Hardware is the general term used to describe the physical components of a computer system. The components include:
Processor: The part of the computer that runs the programs or apps you will need.
Storage: The location where you store your work. You can also store information on a flash drive or in the network cloud.
Peripherals: The tools you need to interact with your computer, such as the monitor or screen, keyboard and mouse/ touchpad.
Most computers are referred to as either Windows or Apple. Whilst many companies make computers that use a Windows Operating System (OS), Apple exclusively makes their own computers using a Unix based operating system called ‘Mac OSX’. Linux is another Unix based system, and it has many different versions such as Red Hat and Ubuntu. Linux will run on computers designed for a Windows OS but requires many workarounds and considerable computer expertise to keep maintained.
A desktop computer with one of the mentioned operating systems will prove suitable for your at-home study. There are also computers available in the library and computer labs for on-campus study. You will simply need to use a flash drive or cloud storage to keep your files with you.
If you plan to purchase a new computer, consider a laptop. Laptops are handy because you can study wherever you are. You can use the cloud or a flash drive for backups, but your work will be with you wherever you go.
Your basic computer will require some other components incorporated into its system, including:
To connect your flash drive to the laptop, you will need at least one USB port. If you need to connect peripherals such as a mouse via USB, then having two or more USB ports is desirable. Some laptops have five USB or even more built in to them.
If you have ‘inherited’ an older laptop with few USB ports, just buy an external USB docking gadget.
Wireless networking or Wi-Fi capability
It is reasonable to expect that all modern computers will have the ability to connect to a wireless network.

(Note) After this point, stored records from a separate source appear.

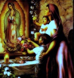 Desenvolvió luego su blanca manta, pues tenía en su regazo las flores; y así que se esparcieron por el suelo todas las diferentes rosas de Castilla, se dibujó en ella y apareció de repente las preciosa imagen de la siempre Virgen Santa María, Madre de Dios, de la manera que ésta y se guarda hoy en su tempo del Tepeyácac, que se nombra Guadalupe.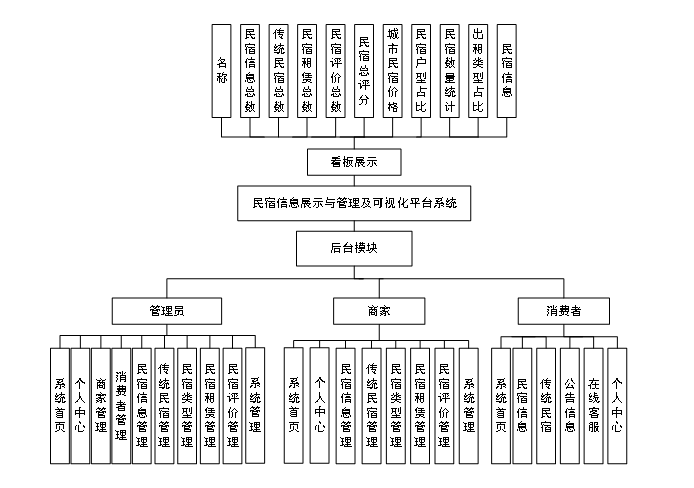 对本系统进行全面的系统功能的分析,可以得出民宿信息展示与管理及可视化平台系统的功能模块图,如图4-1所示。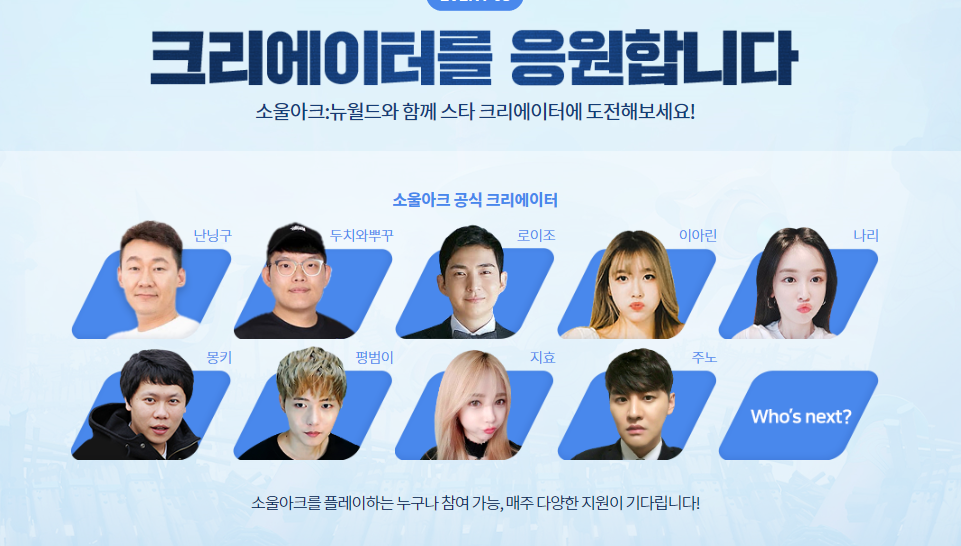 크리에이터를 응원하는 이벤트도 진행 중입니다. 주 1회 1시간 이상의 소울아크 게임 콘텐츠를 생방송으로 방송 콘텐츠 제작이 가능한 분들이 있다면 신청을 통해 월 최대 4,000 레드 크리스탈을 지급한다고 하는데요, 크리에이터를 꿈꾸는 분들이라면 이번 기회를 놓치지 말고 도전해 보는 것도 좋을 것 같습니다.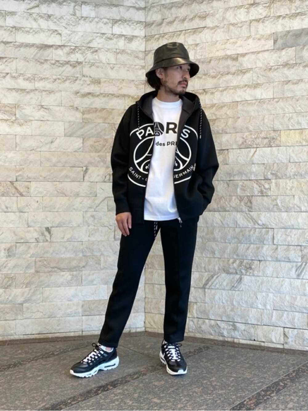 【Paris Saint-Germain】 ・LIGHT SWEAT Hoodie 毎シーズン絶大な人気を誇る定番アイテム。 デザイン性に加えて、ハイテク素材で快適な着心地。 ・HIP LOGO PRINT PANTS 上記パーカーと同素材のパンツ。 綺麗なテーパードシルエットで、美脚効果も。 身長:172cm / 普段サイズ:L / 着用サイズ:パーカーL、パンツM、TシャツXXL サイズ感 : 普通 素材感 : 肉感とハリのある生地。 着心地 : 軽量で快適。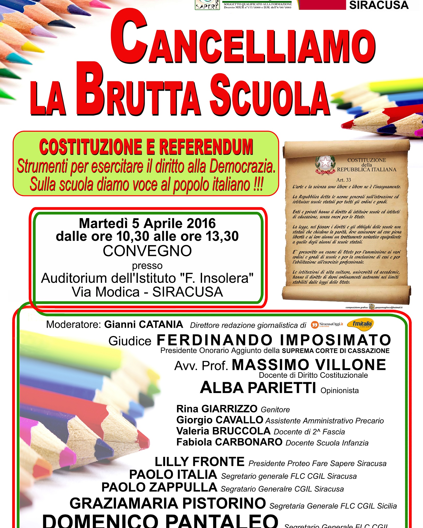 Il 9 e il 10 aprile, in centinaia di piazze italiane avrà luogo l’inizio della raccolta delle firme. Paolo Italia, Segr. Gen. della FLC CGIL di Siracusa, sottolinea: "Per lanciare l'avvio di tale raccolta, il 5 aprile 2016 presso l'Auditorium dell'Istituto "Insolera" di via Modica, abbiamo organizzato insieme a Proteo Fare Sapere, un convegno che vedrà la presenza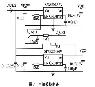 巡查終端工作所需電源來自對講機,由于不同型號對講機對外提供的電源電壓不同,因此為了終端的兼容性,必須對來自對講機的電源進行處理;同時由于主控:MCU采用3.3 V電源供電,而GPS和RFID采用5 V供電,這要求電源電路能夠提供相應電壓。為了給終端提供穩定的工作電源,采用SPX5205-3.3和SPX5205-5線性電源轉換芯片。電源轉換電路如圖7所示。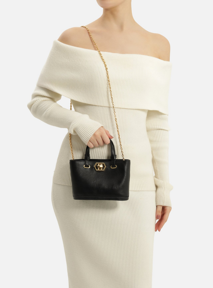 Bolsa tote pequena preta em couro. O acessório tem formato estruturado e acabamento texturizado, além de moldura. Traz fecho frontal em peça de metal, alças de mão e alça em corrente metálica fina removível.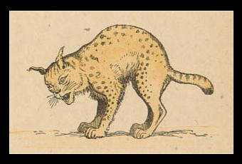 Le lynx a les yeux brillants, le regard doux, l’air agréable et gai. Il est communément de la grandeur d’un renard, il marche et saute comme le chat ; il vit de chasse et poursuit son gibier jusqu’à la cime des arbres; les chats sauvages, les martres, les écureuils ne peuvent lui échapper ; il saisit aussi les oiseaux; il atteint les cerfs, les chevreuils, les lièvres au passage et s’élance dessus ; il les prend à la gorge, et lorsqu’il s’est rendu maître de sa victime, il en suce le sang et lui ouvre la tête pour manger la cervelle, après quoi souvent, il l’abandonne pour en chercher une autre: rarement il retourne à la première proie.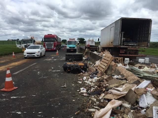 O caminhão teria invadido a pista contrária e acabou tombando. O veículo foi retirado da rodovia para o acostamento, mas a carga continua na pista.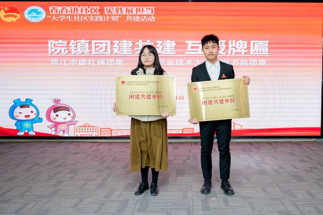 1月24日,晋江团市委与泉州职业技术大学团委联合开展“青春进社区,实践展担当”大学生社区实践计划共建活动暨首批大学生社区兼职团干聘任仪式。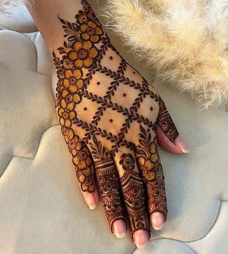Dubai mehndi often has checkered net designs with tiny floral dots, giving a stylish and modern vibe.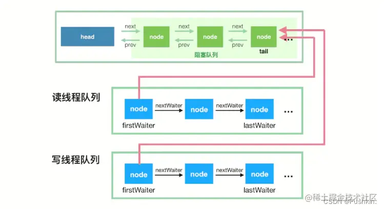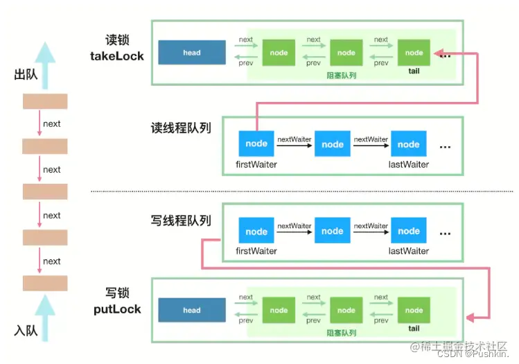 LinkedBlockingQueue使用双锁可并行读写,其吞吐量更高。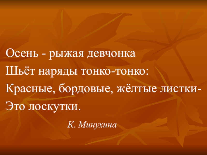 Осень - рыжая девчонкаШьёт наряды тонко-тонко:Красные, бордовые, жёлтые листки- Это лоскутки.						К. Минухина
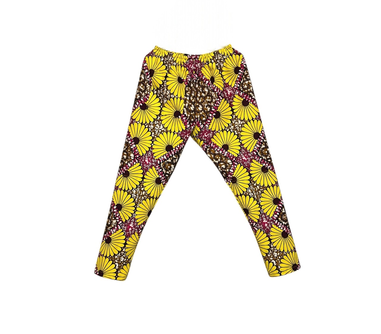 アフリカンワックスプリント布は、服はもちろん、頭に巻いたり、物を包むのにも使われて丈夫なためアフリカでは重宝されています。至るところで使用されていますが、もんぺは日本固有のパンツなのでアフリカには無いと思います。日本とアフリカ文化の融合がポッとするもんぺです。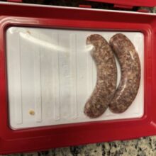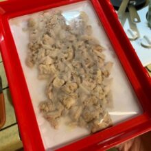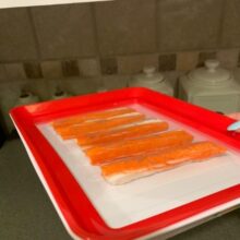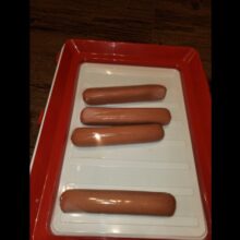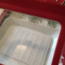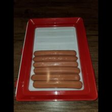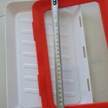 Our trays are made of polypropylene plastic, with the wrap being advanced elastic film. All trays are white with a red border frame for the film cover. Each tray measures 9 x 12 x 1.14 inches (L x W x H).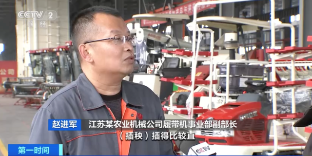 江蘇某農業(yè)機械公司履帶機事業(yè)部副部長 趙進軍:利用北斗定位技術,插秧插得比較直,誤差比較小,另外它可以節(jié)約一個人工。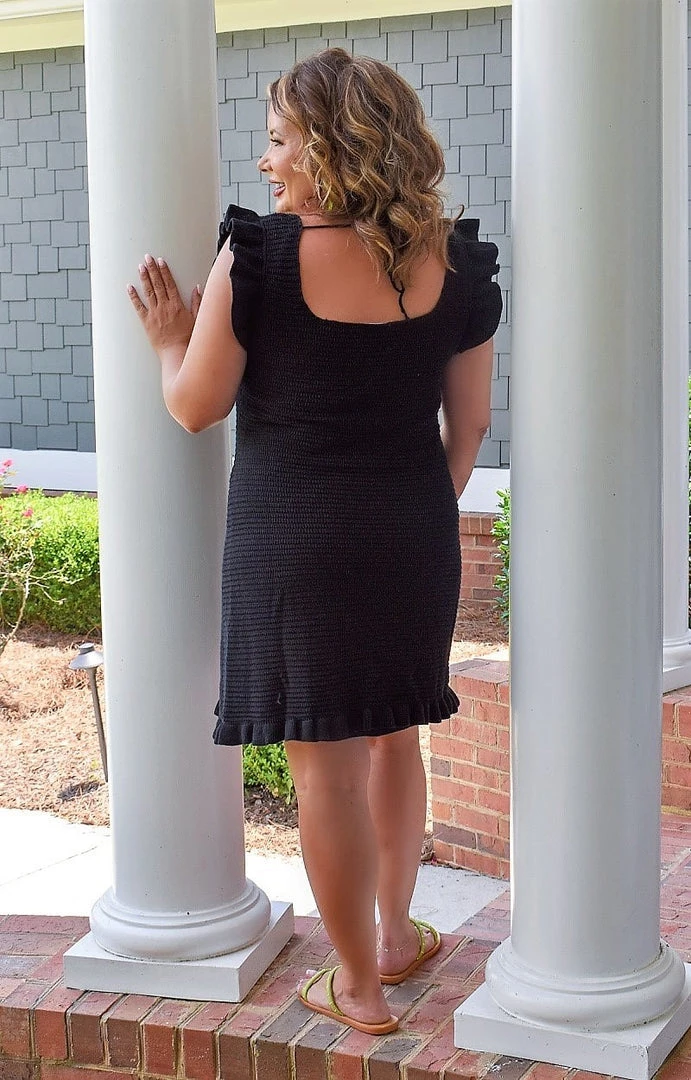 Every girl needs a little black dress in her closet and this dress is sure to turn heads! We love the slimming look of this dress with the ruffled sleeves adding a statement touch! This dress is perfect for endless occasions, hurry and make it yours!Â

This is the simplest way to connect to the internet when at a university campus; it can also be used to connect to your phone or your home router.
It is also beneficial, though not essential, to have either a HDMI or other video output for connecting a second monitor. For more on this, go to the information on peripherals.
Your computer will have two types of memory. Memory used to process your work, and memory needed to store your programs and files. Memory is measured in terms of Bytes.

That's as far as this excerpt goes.